# Raised planter bed against side of the house



## Ptron (Nov 28, 2008)

I want to build some raised planter beds out of railroad ties to turn this:










...Into something like this:










What I'm hoping to find out is: 
1)What, if any treatment does that cinder block foundation need before burrying it in dirt 
2)Would something like this tend to retain water against the foundation, possibly leading to basement water problems? If so what can be done to prevent this? First thing that occurs to me is perhaps some sort of solid bedding of gravel at the bottom of the bed sloping away from the house.


----------



## PAbugman (Jun 29, 2010)

Raised planter beds against the house cause more trouble than they are worth. It will definitely increase the moisture against the masonry wall; not just moisture into the wall but wicking up towards the sill and joists. You have nice masonry exposure and distance from the soil; I believe that you should maintain that gap for drying and visual inspection. 

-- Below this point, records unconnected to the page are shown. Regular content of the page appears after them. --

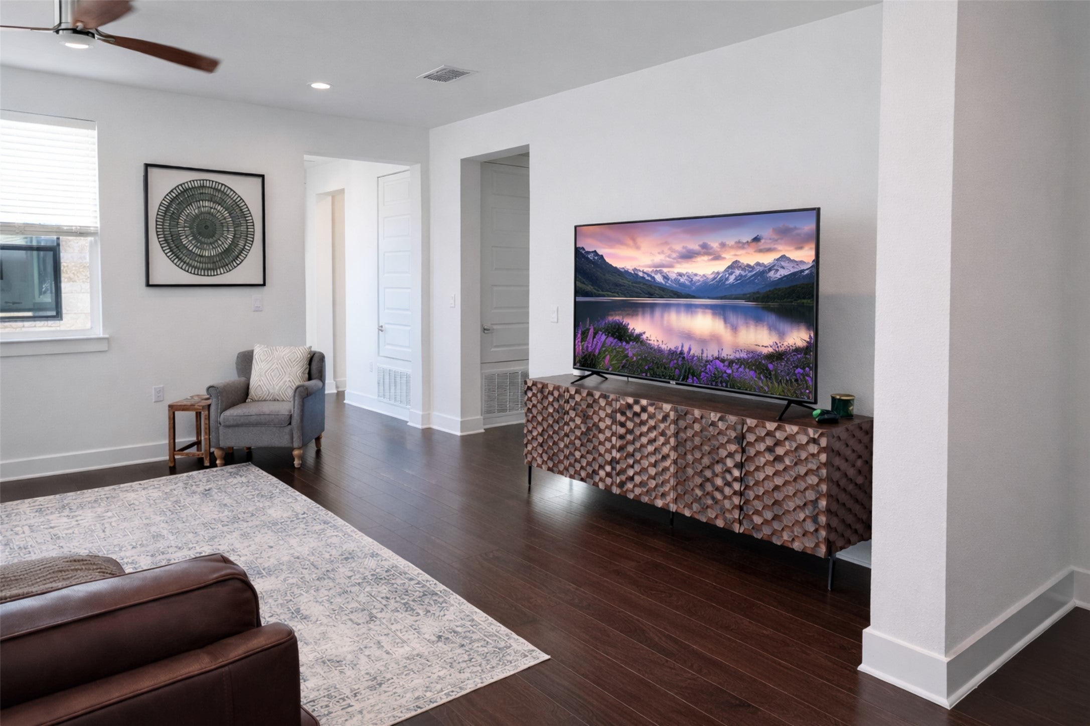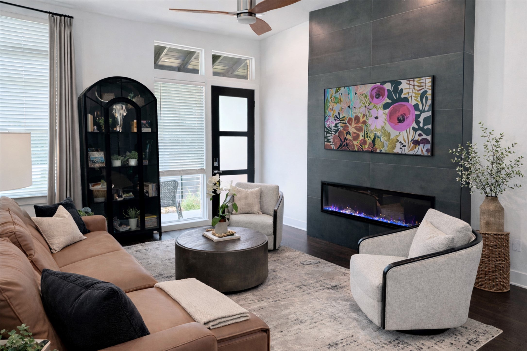 Experience refined living in this beautifully upgraded two-story townhome featuring four spacious bedrooms, three full baths, one half bath, and two expansive living areas—making this residence truly stand out from others in the community. At the heart of the home, the gourmet kitchen showcases a grand center island—perfect for entertaining and everyday living—seamlessly connecting to the dining and living spaces for effortless flow and interaction. The living room is elevated by a custom tile fireplace, adding warmth, style, and a distinctive focal point. The primary suite offers a true retreat, combining comfort and elegance. Unwind in the spa-inspired ensuite bath, complete with a soaking tub, an oversized shower with floor-to-ceiling tile, and thoughtful finishes throughout. Upstairs, a wide staircase leads to a bright and airy loft—ideal as a second living area or flex space—flooded with natural light from abundant windows. A key upgrade to this home is the addition of a fourth bedroom with a private ensuite bath, enhancing both functionality and value. Two additional bedrooms share a well-appointed full bath, and a generously sized laundry room with ample cabinetry and storage adds everyday convenience. Additional highlights include: * Soaring ceilings throughout * Smart home technology * Gated front yard, private side patio, and second-floor balcony * Rear-entry two-car garage * Tankless water heater * Built-in central vacuum system * Dedicated EV charging breaker Perfectly situated near 40th & Bull Creek, this home offers unbeatable access to MoPac, Lamar, and Burnet corridors, the nearby medical district, and is just minutes from Downtown Austin. Located in **The Grove**, known as “Austin’s Gathering Place,” residents enjoy over 20 acres of park space, miles of walk and biking trails.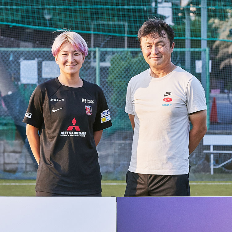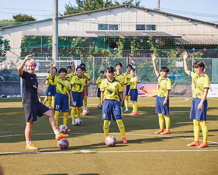オンピッチの講師には、日本サッカー協会公認S級ライセンスを所持する三菱重工浦和レッズレディース監督の楠瀬直木氏と、三菱重工浦和レッズレディース所属でWEリーグの初代得点王でもある菅澤優衣香氏をお招きし、クリエイティブな思考がプレーに及ぼす影響などを実際の練習の中で教えていただきました。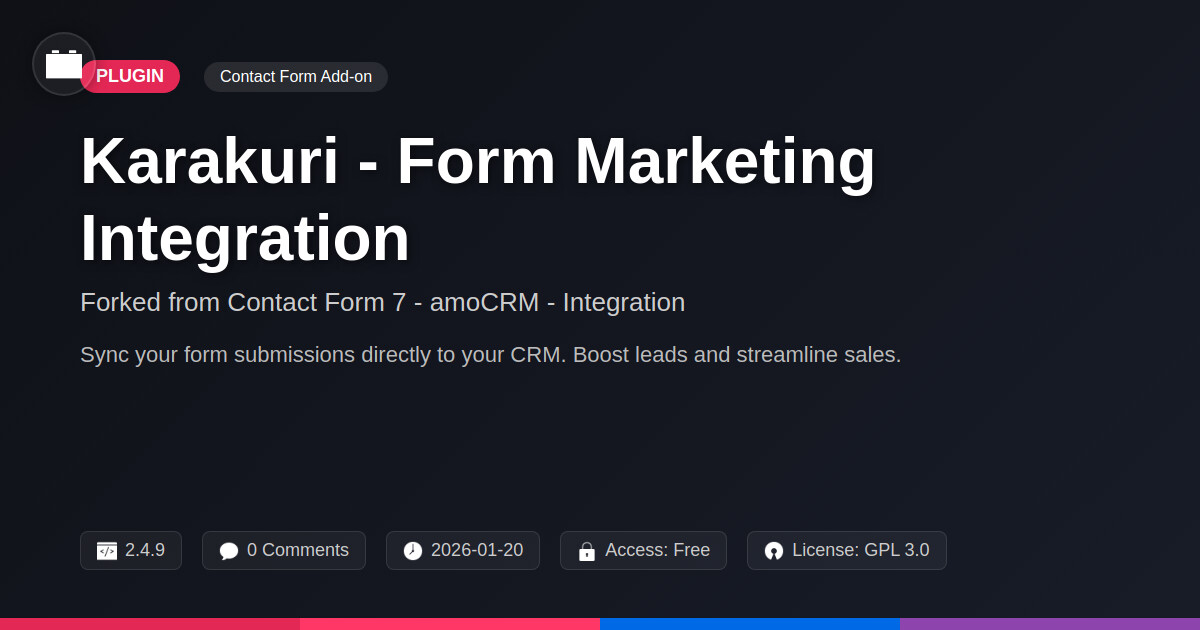 | Tags | form integration, lead generation plugin, form to crm integration, website lead capture, sales pipeline, customer relationship management, Contact Form 7, Amocrm, lead generation, crm, marketing automation, directory comparison, contact forms, pagination addon, profile tab builder, Business Automation, member communication plugin, user role visibility, user contact form |

Performing termite treatments at a house with raised beds against foundation is another level of complication and soil depth.

Whatever is planted in the bed will require watering. In my opinion, nothing should be planted that requires watering near the foundation. Houses have thousands of $$$ worth of spouting, gutters to take away water; watering plantings next to the foundation defeats that purpose. 

Railroad ties don't last long and will harbor carpenter ants. Pressure treated landscape ties last long, but sometimes the pressure treating doesn't penetrate to the center. I have seen termites in the center of large dimension pressure treated wood. Keep the foundation perimeter simple.


----------



## Ptron (Nov 28, 2008)

PAbugman said:


> Raised planter beds against the house cause more trouble than they are worth. It will definitely increase the moisture against the masonry wall; not just moisture into the wall but wicking up towards the sill and joists. You have nice masonry exposure and distance from the soil; I believe that you should maintain that gap for drying and visual inspection.
> 
> Performing termite treatments at a house with raised beds against foundation is another level of complication and soil depth.
> 
> ...


I appreciate the advice. I'll keep it in mind. I'm going to put _something_ there, whether it be the planter bed or just bushes. Too ugly without it. The cinder block "foundation" goes all the way up to the roof line. The only wood on the outside below the roof is the furring strips the siding is attatched to. I should add that I live in Wisconsin. I think we have termites but it's not really the heart of termite country. Oh, and I drew the bed a little high. It would probably be 6-8" lower than drawn.


----------



## downunder (Jun 13, 2008)

If you really want to put a planter there, pretend that it is a separate structure, just really close to the house. Build it with four complete sides and leave room for ventilation between it and the house.

But I have to vote with bugman on this. Be careful!

PS
Cool the way you drew the planter and inserted it. I need to learn some graphics tricks.


----------